Requirement - Copy out exactly the lines from the one containing "Mezclador monomando de" through the end of the records, and no pictures.

Exercise input -
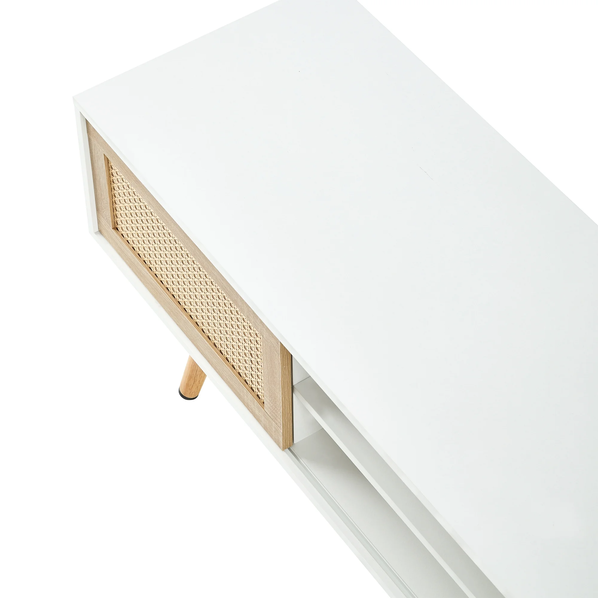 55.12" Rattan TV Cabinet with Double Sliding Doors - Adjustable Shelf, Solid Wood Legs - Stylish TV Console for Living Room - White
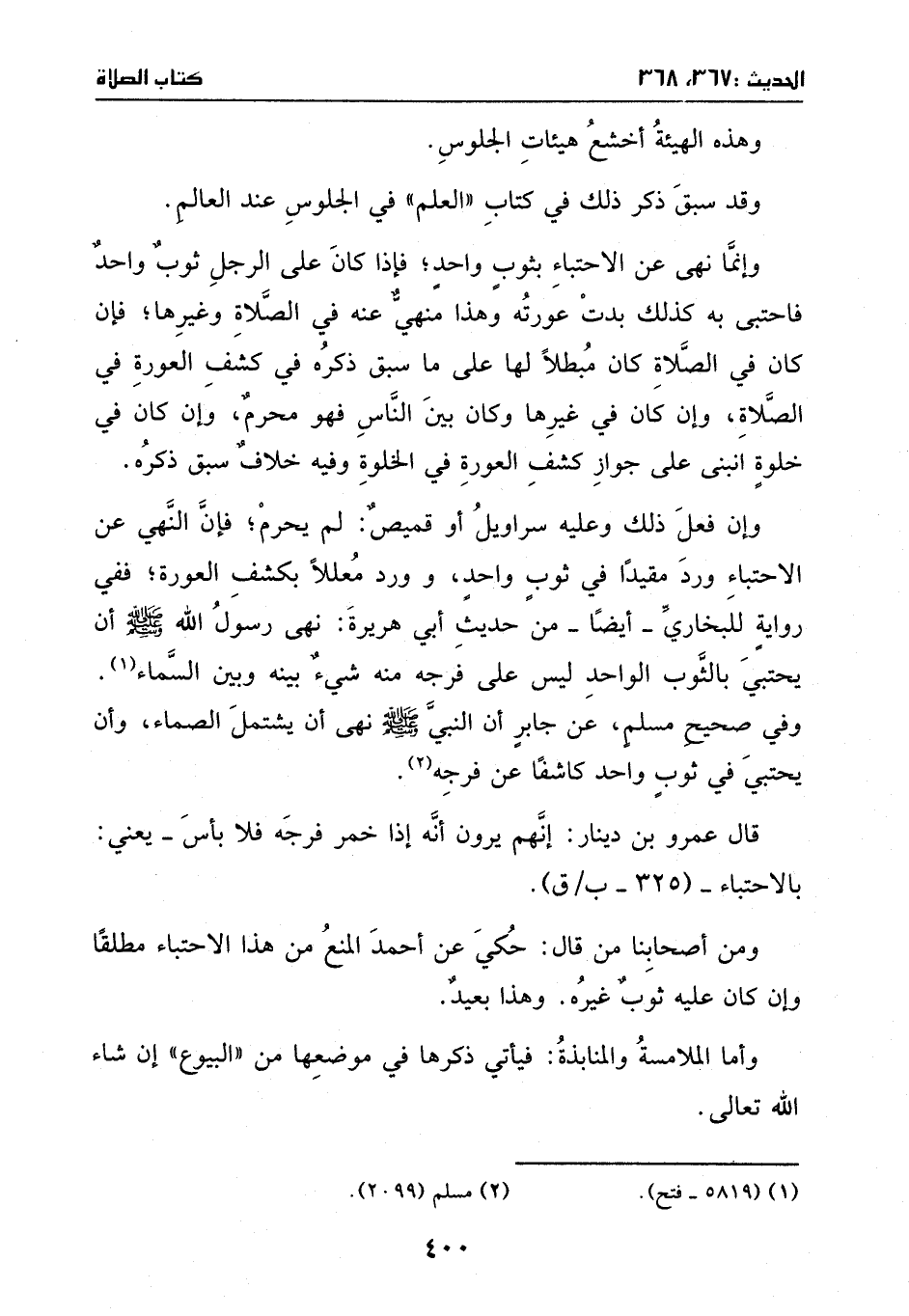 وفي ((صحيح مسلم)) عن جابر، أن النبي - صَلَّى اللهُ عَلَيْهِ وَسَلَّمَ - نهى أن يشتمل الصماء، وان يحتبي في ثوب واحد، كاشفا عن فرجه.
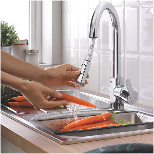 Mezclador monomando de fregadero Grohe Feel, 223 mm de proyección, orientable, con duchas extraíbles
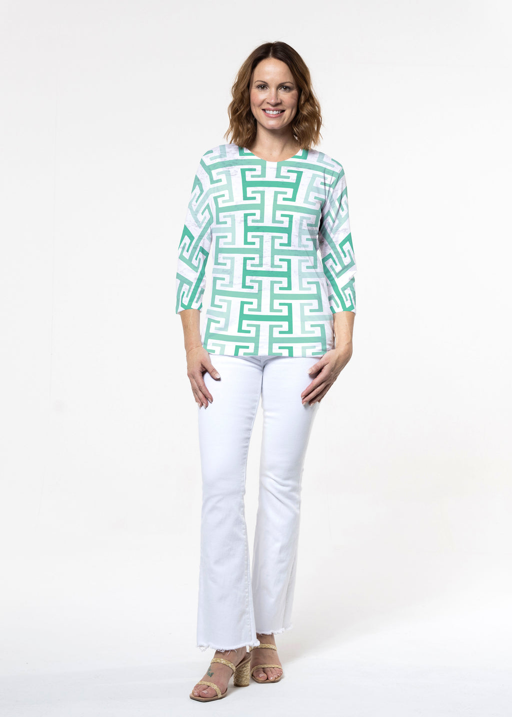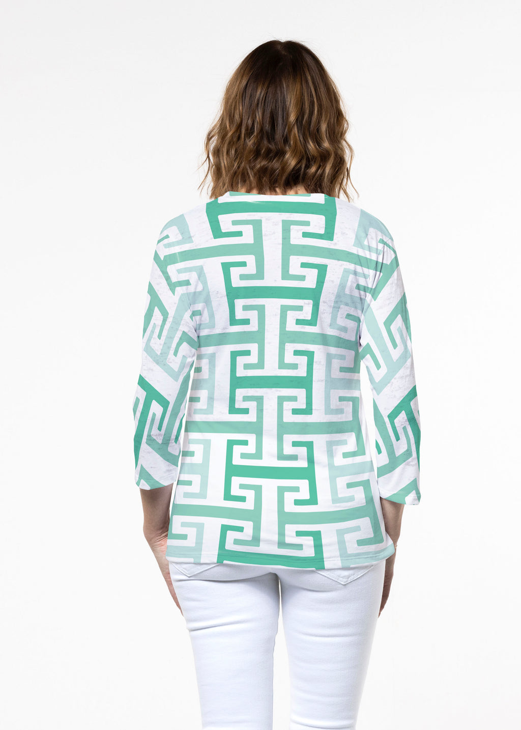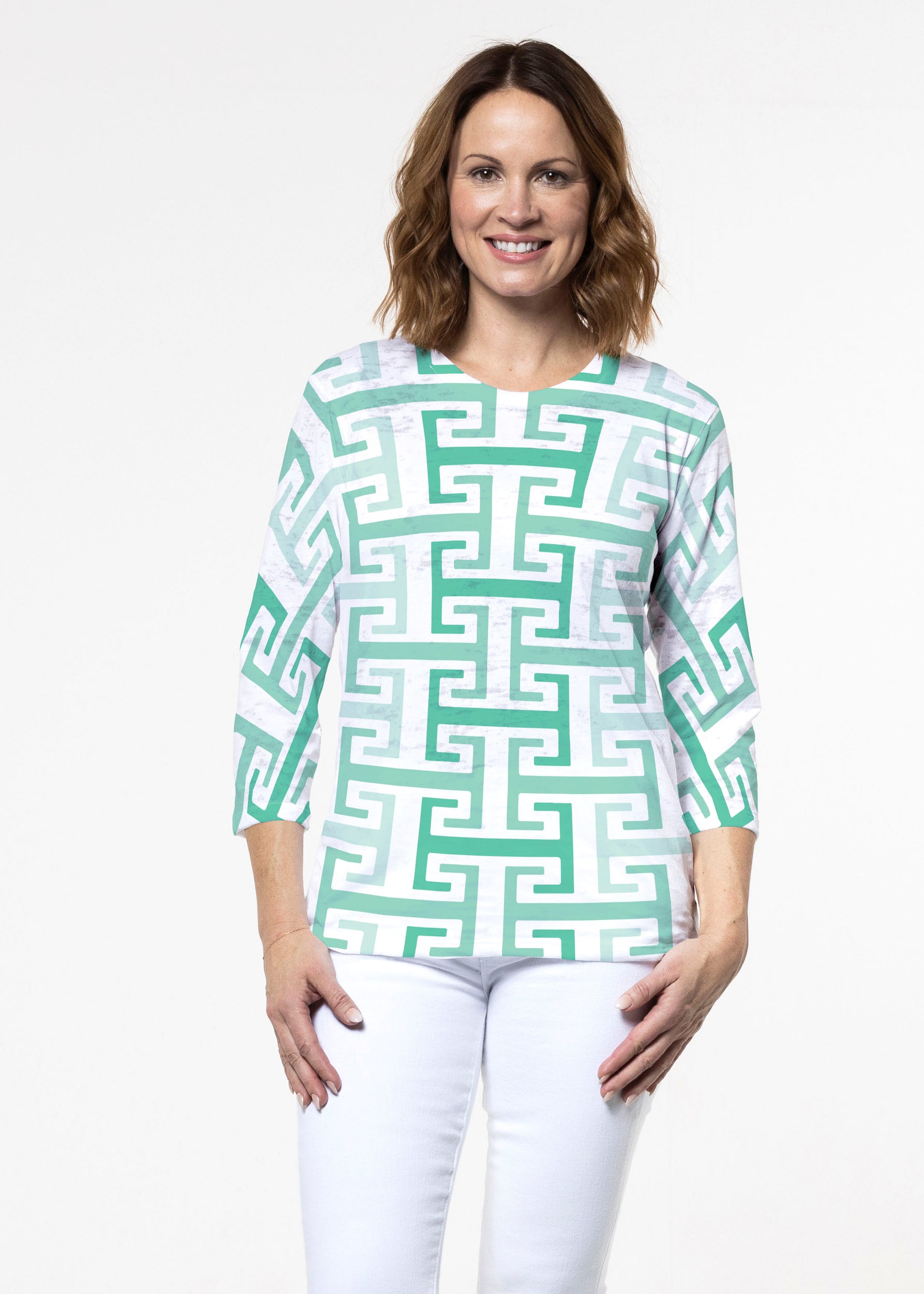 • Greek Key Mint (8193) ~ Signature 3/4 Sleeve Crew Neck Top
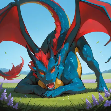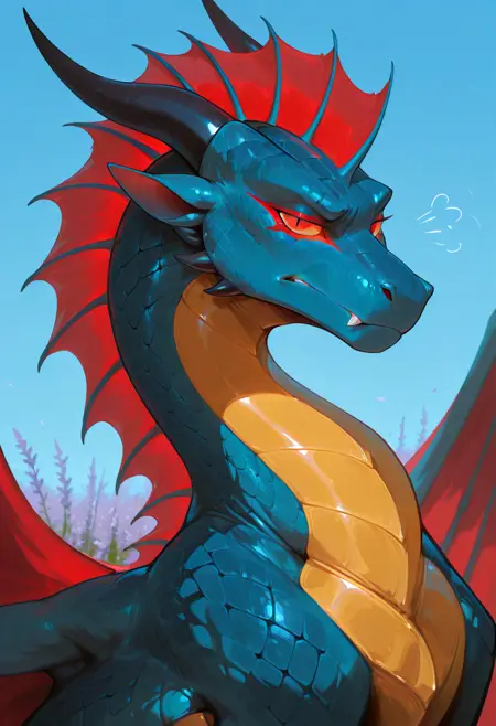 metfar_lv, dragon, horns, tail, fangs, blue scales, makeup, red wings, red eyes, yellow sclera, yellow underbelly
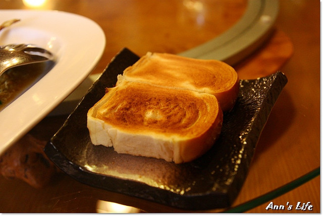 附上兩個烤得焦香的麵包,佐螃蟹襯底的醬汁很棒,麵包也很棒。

Worked solution -
 Mezclador monomando de fregadero Grohe Feel, 223 mm de proyección, orientable, con duchas extraíbles
 • Greek Key Mint (8193) ~ Signature 3/4 Sleeve Crew Neck Top
 metfar_lv, dragon, horns, tail, fangs, blue scales, makeup, red wings, red eyes, yellow sclera, yellow underbelly
 附上兩個烤得焦香的麵包,佐螃蟹襯底的醬汁很棒,麵包也很棒。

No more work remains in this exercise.